[Opening Excerpted records section]
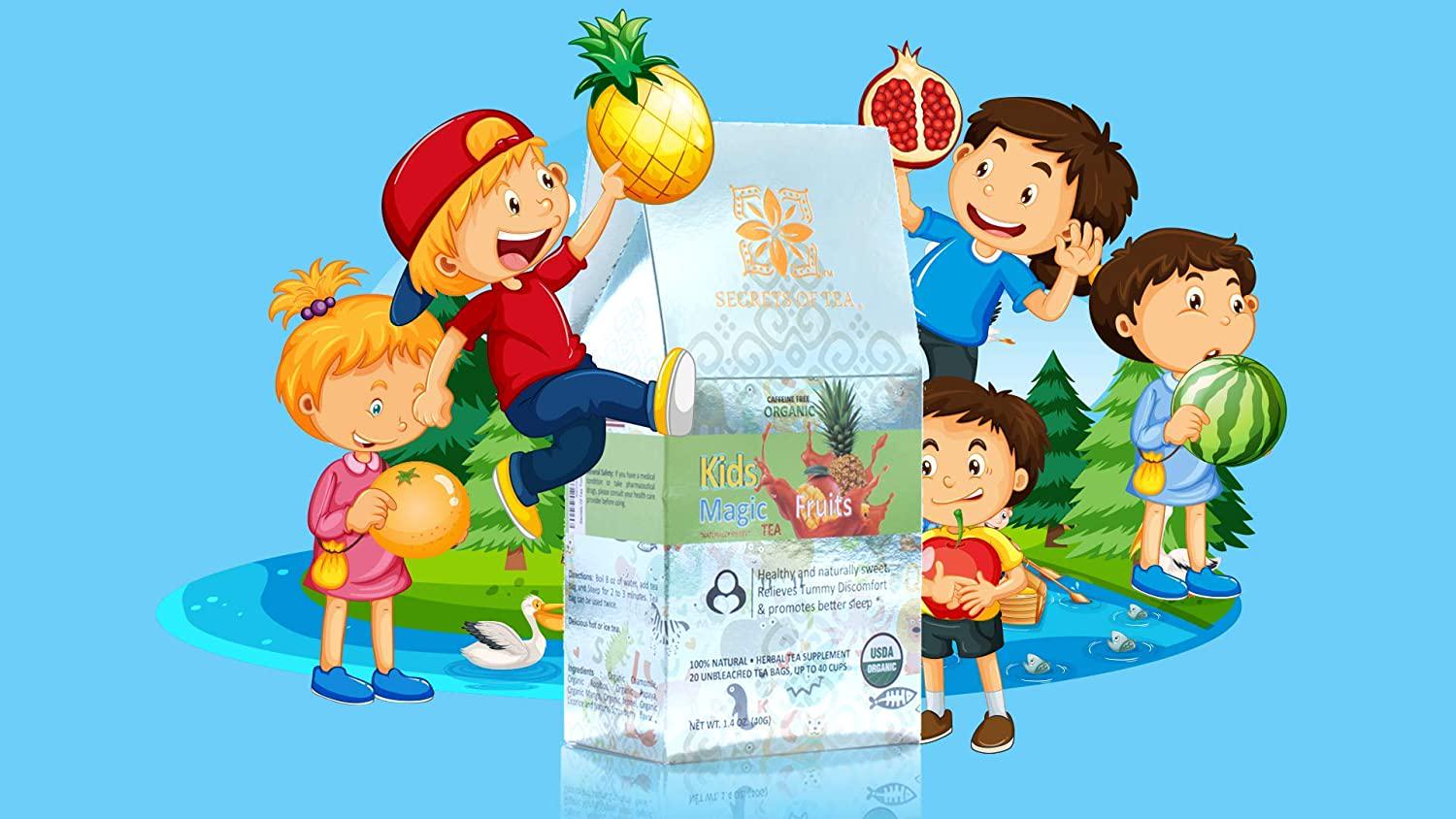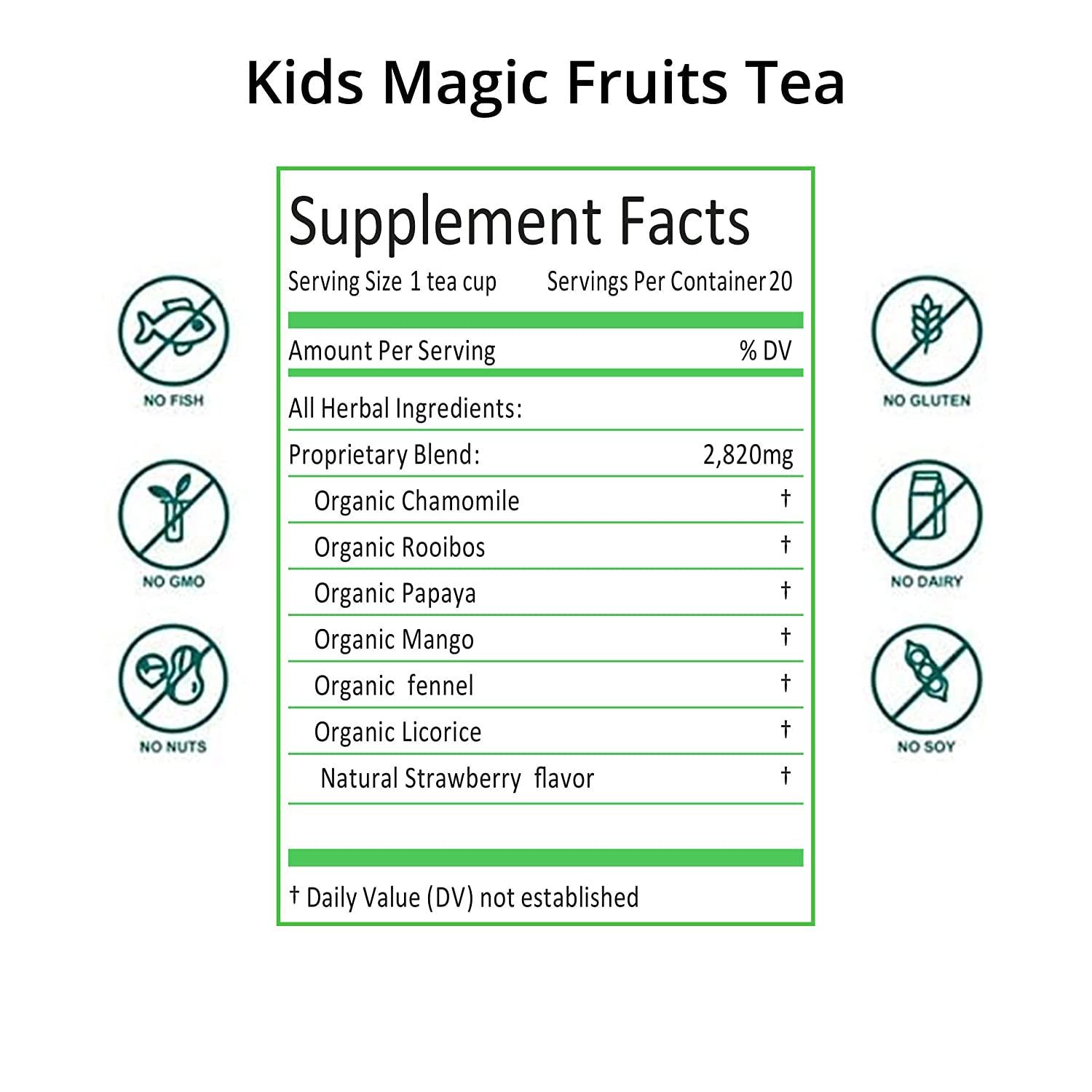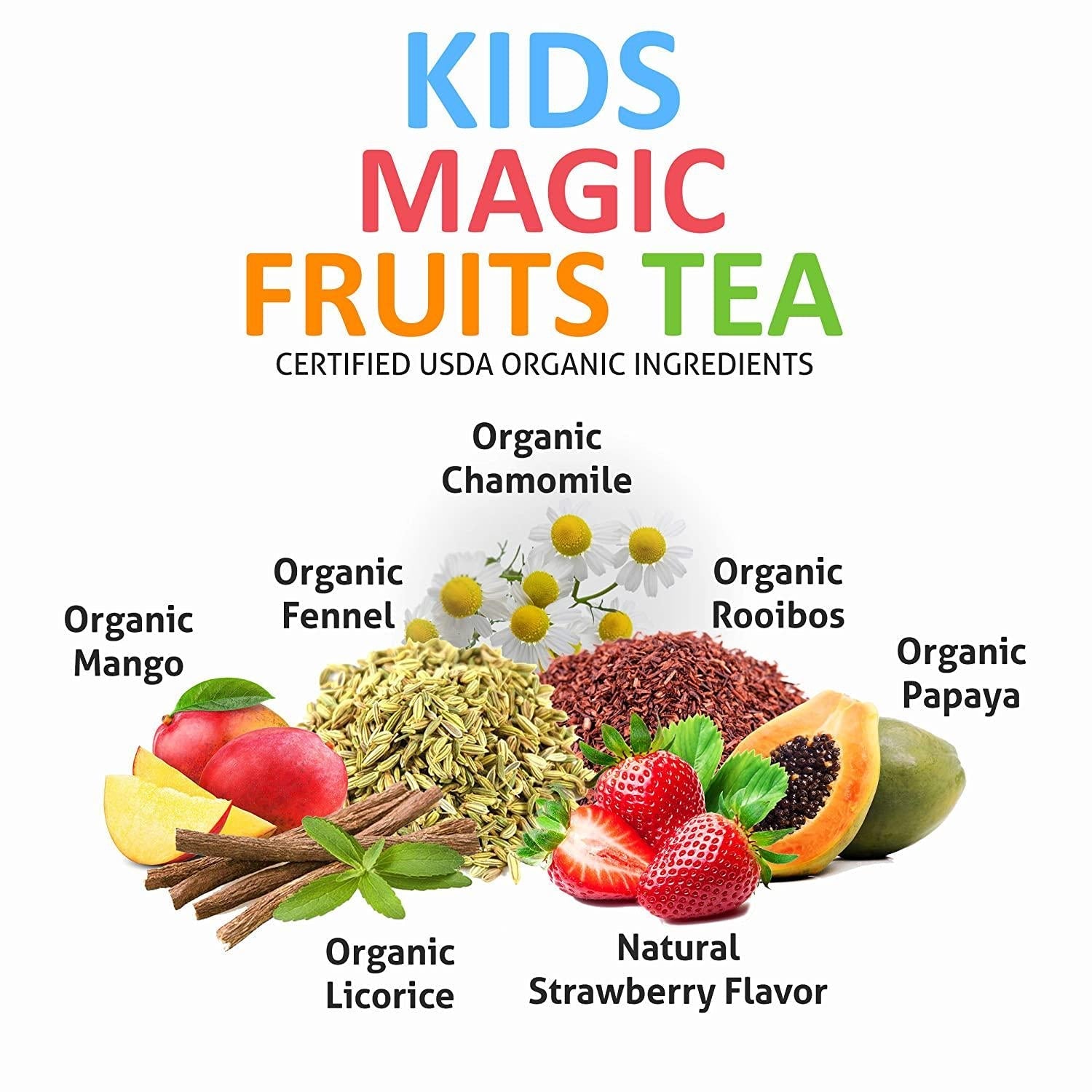 Secrets Of Tea Kids Magic Tea for kids better sleep, Better Digestion... - Natural USDA Organic Caffeine-Free Healthy Herbal Drink for Children, Toddlers - Fruits Flavor - Up to 40 Servings - 20 Count(1 Pack)
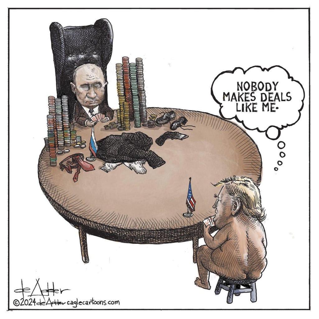 “Trump says Zelenskyy has no cards to play. In fact, Trump has taken cards away from Ukraine and handed them to Russia. Through amateurism or naivety, US officials gave away important leverage before talks even began. They ruled out Ukraine’s membership of Nato or the prospect of regaining any occupied territory. Trump’s neophyte special envoy Steve Witkoff has been seduced by the Kremlin’s flattery and swallowed its talking points about the causes of the war.”
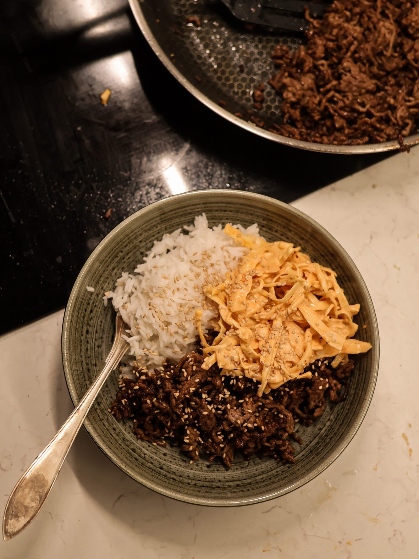 En otroligt snabblagad och enkel middag. Det som tog längst tid för mig var att koka riset till. Gochujang coleslaw kan du göra i förväg om du vill att det ska gå ännu snabbare men den tar ca 5 minuter att veva ihop så det tror jag inte behövs.
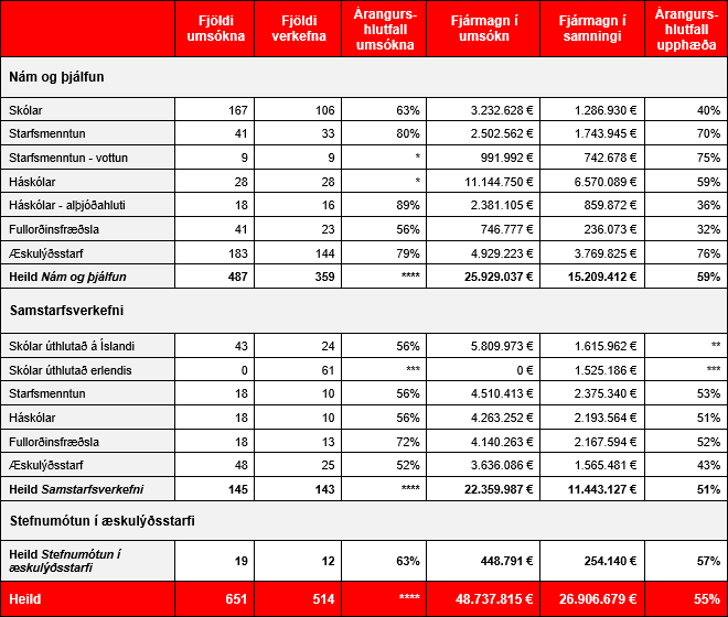 ** Á ekki við samningsupphæðin er bara hlutur íslensku aðilanna á meðan upphæð í umsókn er fyrir alla samstarfsaðilana.
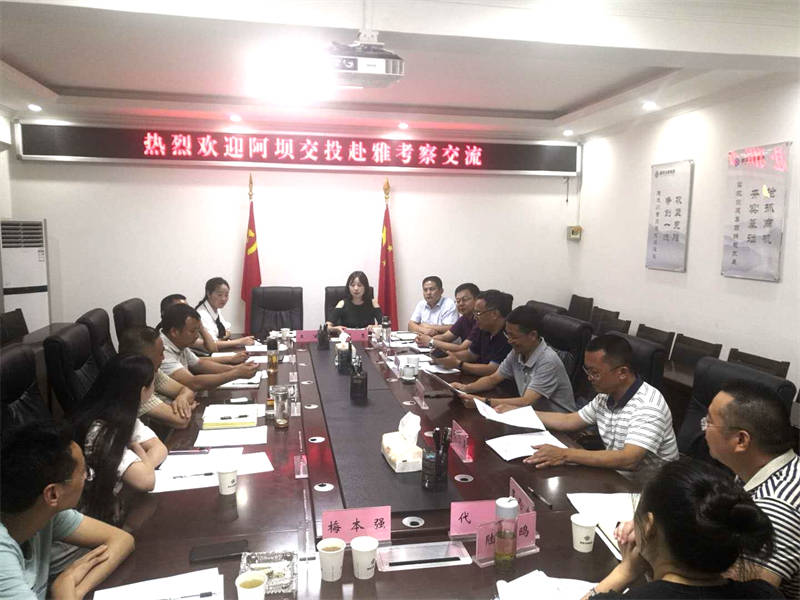 8月11日至12日,四川阿壩交通建設(shè)投資有限責(zé)任公司黨委書記、董事長李毅,黨委副書記、總經(jīng)理詹永康率隊到雅安考察交流交通建設(shè)相關(guān)事宜。雅安市交通運輸局黨組書記、局長余云峰,黨組成員、副局長趙飛勇;雅安交建集團黨委書記、董事長漆家華,黨委副書記、總經(jīng)理羅倫全等先后陪同考察、座談交流。
[Closing Excerpted records section]
## Assigned task
The expected output is the whole listing, word for word, minus its pictures.

## Task response
 Secrets Of Tea Kids Magic Tea for kids better sleep, Better Digestion... - Natural USDA Organic Caffeine-Free Healthy Herbal Drink for Children, Toddlers - Fruits Flavor - Up to 40 Servings - 20 Count(1 Pack)
 “Trump says Zelenskyy has no cards to play. In fact, Trump has taken cards away from Ukraine and handed them to Russia. Through amateurism or naivety, US officials gave away important leverage before talks even began. They ruled out Ukraine’s membership of Nato or the prospect of regaining any occupied territory. Trump’s neophyte special envoy Steve Witkoff has been seduced by the Kremlin’s flattery and swallowed its talking points about the causes of the war.”
 En otroligt snabblagad och enkel middag. Det som tog längst tid för mig var att koka riset till. Gochujang coleslaw kan du göra i förväg om du vill att det ska gå ännu snabbare men den tar ca 5 minuter att veva ihop så det tror jag inte behövs.
 ** Á ekki við samningsupphæðin er bara hlutur íslensku aðilanna á meðan upphæð í umsókn er fyrir alla samstarfsaðilana.
 8月11日至12日,四川阿壩交通建設(shè)投資有限責(zé)任公司黨委書記、董事長李毅,黨委副書記、總經(jīng)理詹永康率隊到雅安考察交流交通建設(shè)相關(guān)事宜。雅安市交通運輸局黨組書記、局長余云峰,黨組成員、副局長趙飛勇;雅安交建集團黨委書記、董事長漆家華,黨委副書記、總經(jīng)理羅倫全等先后陪同考察、座談交流。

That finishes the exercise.